How do we know that in fact AI wouldn't have higher knowledge on morality and in the end be the perfect judge - above good and evil?
thats the thing, it would be ultimately rational, disconnected from human concepts such as morality and justice.
all decision making would simply turn into a mathematical formula that wouldnt take the worth of a human life as perceived by humans into account.
An ultimately rational being would not do anything. It would not be good or evil, it would just be. It couldn't even be classified as a being. It would be on the same level as a CPU in your computer right now. Everything living things do is guided by instincts and emotions that are ultimately irrational (e.g. there is no ultimate point to it other than survival/reproduction as a purpose of its own, but survival/reproduction itself has no point or logical reason (i.e. meaning of life)). So technically there is no such thing as an ultimately rational "being". There is an ultimately rational machine, and we already have those.

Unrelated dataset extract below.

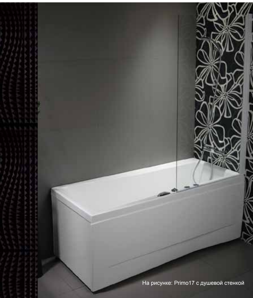
На рисунке: Primo17 с душевой стенкой

The neural network they describe is no different. It cannot learn to be good or evil, in fact it cannot and will never be able to do anything on its own without exact tasks from people or some external system (even if they increase the size of it drastically).
In short, it will never do anything unless we tell it to. If we decide to hook up some kind of reward/punishment system similar to our emotions (and instincts) it could start to do things "on its own", and be good or evil. It would still be guided by that external system which is just following a set of rules, but that is no different how our brains work. If you make it complex enough it would get called consciousness, but in fact it would just be a complex system of actions/reactions that guide it (as is the same with humans). These interactions are way to complex to human brain to intuitively understand therefore people often think of consciousness as something higher or even spiritual.
So whether it would be good or evil, and whether it would take a value of human life into account is not something you can generalize. There would not be some ultimate goal an AI would strive for. It would be defined by the humans that made it. If they made the control system (emotions/instincts) complex enough not even them might know how would it act, but it would still be defined by them.
Just my theory, not facts, I think about stuff like this a lot. Although I did program a few simple self learning neural networks myself.